■ What this task involves: Transcribe the whole listing without a single picture.

■ The data:
......
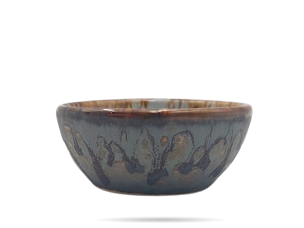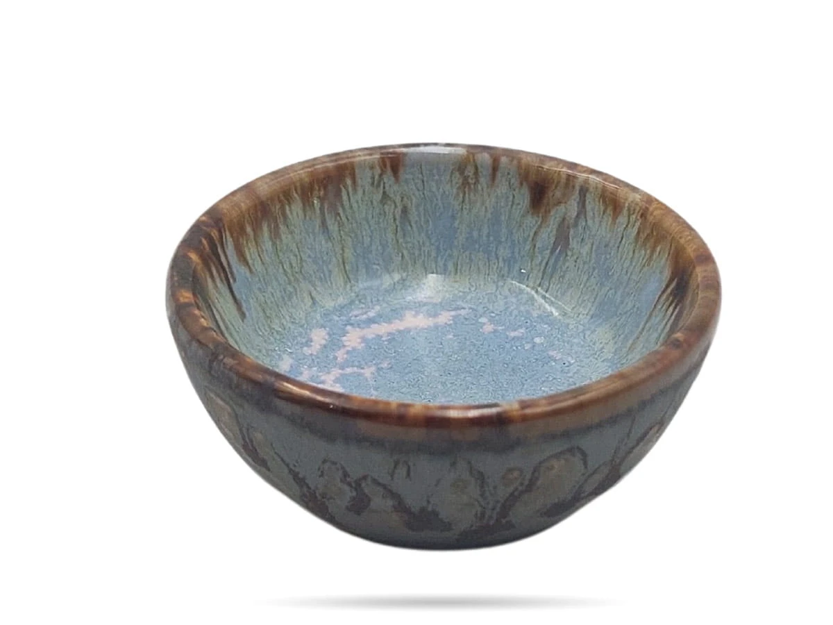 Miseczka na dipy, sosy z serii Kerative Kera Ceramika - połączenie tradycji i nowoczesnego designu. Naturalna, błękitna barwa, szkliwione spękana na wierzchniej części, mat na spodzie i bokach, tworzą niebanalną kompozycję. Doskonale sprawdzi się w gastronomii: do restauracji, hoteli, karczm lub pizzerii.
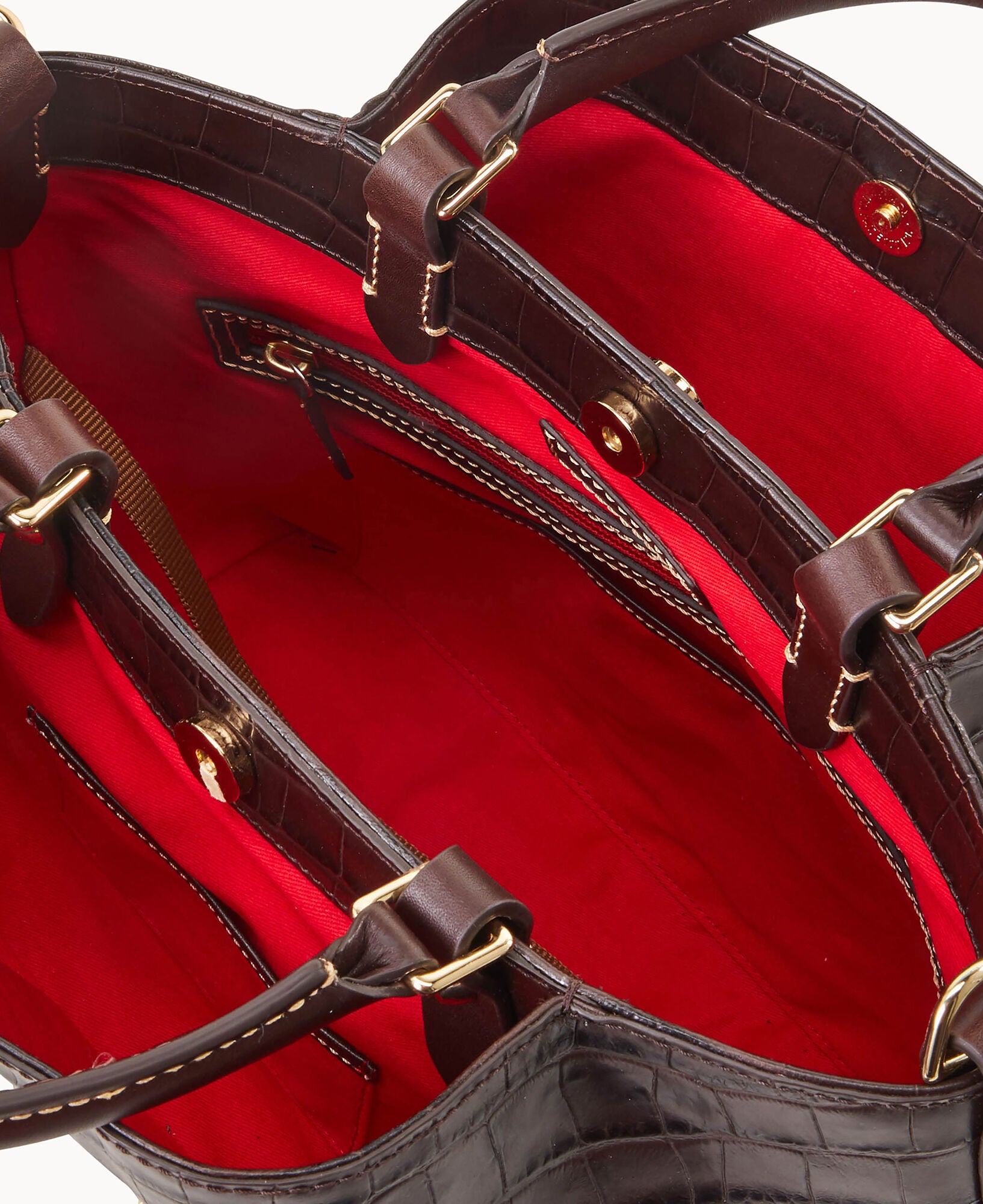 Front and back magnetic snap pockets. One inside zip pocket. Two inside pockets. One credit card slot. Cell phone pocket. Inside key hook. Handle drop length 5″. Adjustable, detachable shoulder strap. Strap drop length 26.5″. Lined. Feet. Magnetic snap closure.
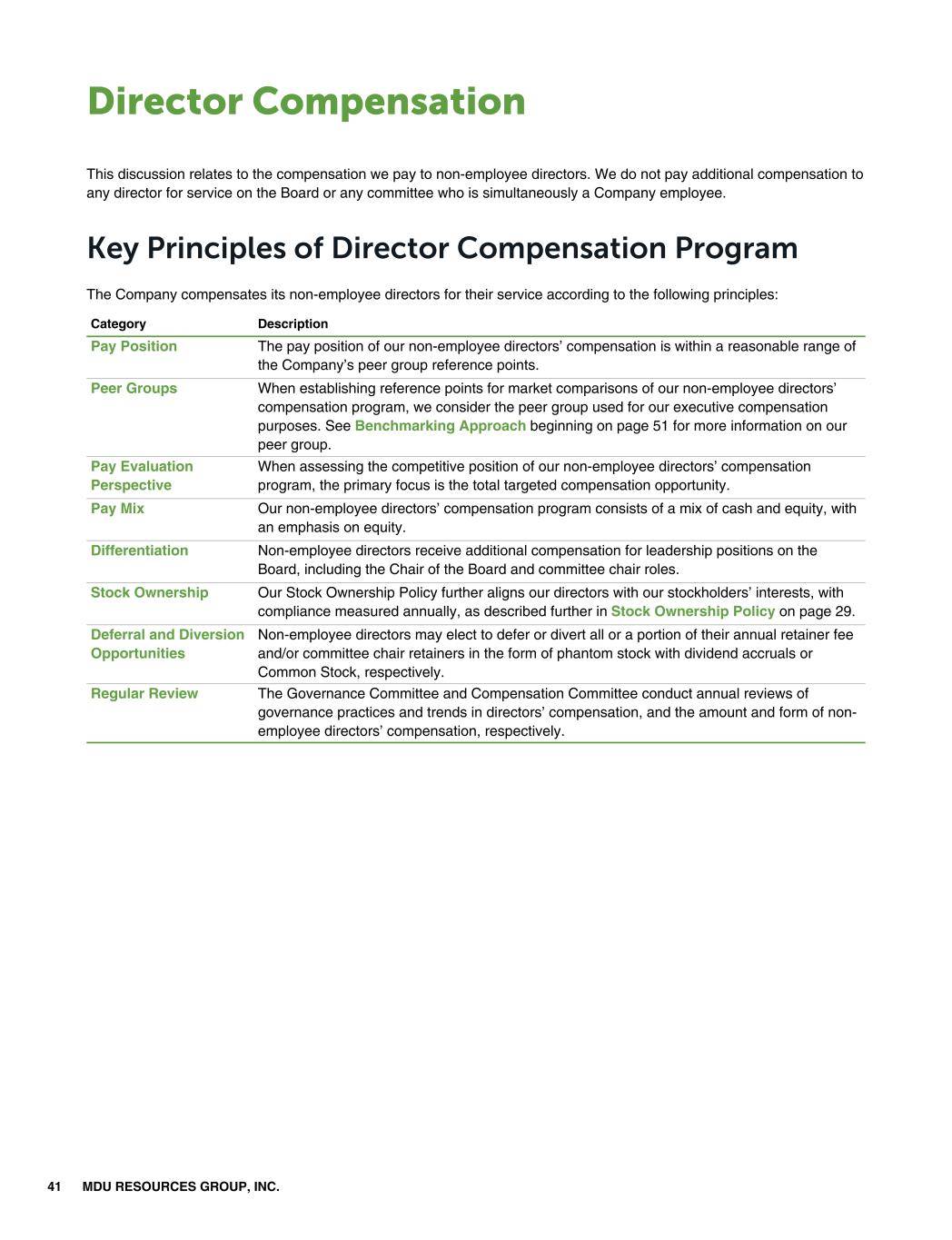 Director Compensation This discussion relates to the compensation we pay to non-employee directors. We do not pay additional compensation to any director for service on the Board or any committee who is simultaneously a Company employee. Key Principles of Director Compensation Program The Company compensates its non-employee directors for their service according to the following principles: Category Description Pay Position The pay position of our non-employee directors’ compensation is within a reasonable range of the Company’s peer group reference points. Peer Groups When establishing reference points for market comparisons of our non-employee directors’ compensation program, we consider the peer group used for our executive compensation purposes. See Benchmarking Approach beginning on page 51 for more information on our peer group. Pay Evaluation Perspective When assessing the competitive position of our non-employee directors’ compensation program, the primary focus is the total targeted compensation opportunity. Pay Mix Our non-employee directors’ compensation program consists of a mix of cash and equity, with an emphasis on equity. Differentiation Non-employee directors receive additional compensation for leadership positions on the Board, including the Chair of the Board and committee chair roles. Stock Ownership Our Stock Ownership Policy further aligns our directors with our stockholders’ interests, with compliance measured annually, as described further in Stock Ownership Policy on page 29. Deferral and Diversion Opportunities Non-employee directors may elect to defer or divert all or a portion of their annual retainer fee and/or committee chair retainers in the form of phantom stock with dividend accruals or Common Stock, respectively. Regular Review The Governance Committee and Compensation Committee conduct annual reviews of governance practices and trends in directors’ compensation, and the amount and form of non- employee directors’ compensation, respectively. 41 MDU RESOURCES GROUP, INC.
......
■ Solution to the exercise:
 Miseczka na dipy, sosy z serii Kerative Kera Ceramika - połączenie tradycji i nowoczesnego designu. Naturalna, błękitna barwa, szkliwione spękana na wierzchniej części, mat na spodzie i bokach, tworzą niebanalną kompozycję. Doskonale sprawdzi się w gastronomii: do restauracji, hoteli, karczm lub pizzerii.
 Front and back magnetic snap pockets. One inside zip pocket. Two inside pockets. One credit card slot. Cell phone pocket. Inside key hook. Handle drop length 5″. Adjustable, detachable shoulder strap. Strap drop length 26.5″. Lined. Feet. Magnetic snap closure.
 Director Compensation This discussion relates to the compensation we pay to non-employee directors. We do not pay additional compensation to any director for service on the Board or any committee who is simultaneously a Company employee. Key Principles of Director Compensation Program The Company compensates its non-employee directors for their service according to the following principles: Category Description Pay Position The pay position of our non-employee directors’ compensation is within a reasonable range of the Company’s peer group reference points. Peer Groups When establishing reference points for market comparisons of our non-employee directors’ compensation program, we consider the peer group used for our executive compensation purposes. See Benchmarking Approach beginning on page 51 for more information on our peer group. Pay Evaluation Perspective When assessing the competitive position of our non-employee directors’ compensation program, the primary focus is the total targeted compensation opportunity. Pay Mix Our non-employee directors’ compensation program consists of a mix of cash and equity, with an emphasis on equity. Differentiation Non-employee directors receive additional compensation for leadership positions on the Board, including the Chair of the Board and committee chair roles. Stock Ownership Our Stock Ownership Policy further aligns our directors with our stockholders’ interests, with compliance measured annually, as described further in Stock Ownership Policy on page 29. Deferral and Diversion Opportunities Non-employee directors may elect to defer or divert all or a portion of their annual retainer fee and/or committee chair retainers in the form of phantom stock with dividend accruals or Common Stock, respectively. Regular Review The Governance Committee and Compensation Committee conduct annual reviews of governance practices and trends in directors’ compensation, and the amount and form of non- employee directors’ compensation, respectively. 41 MDU RESOURCES GROUP, INC.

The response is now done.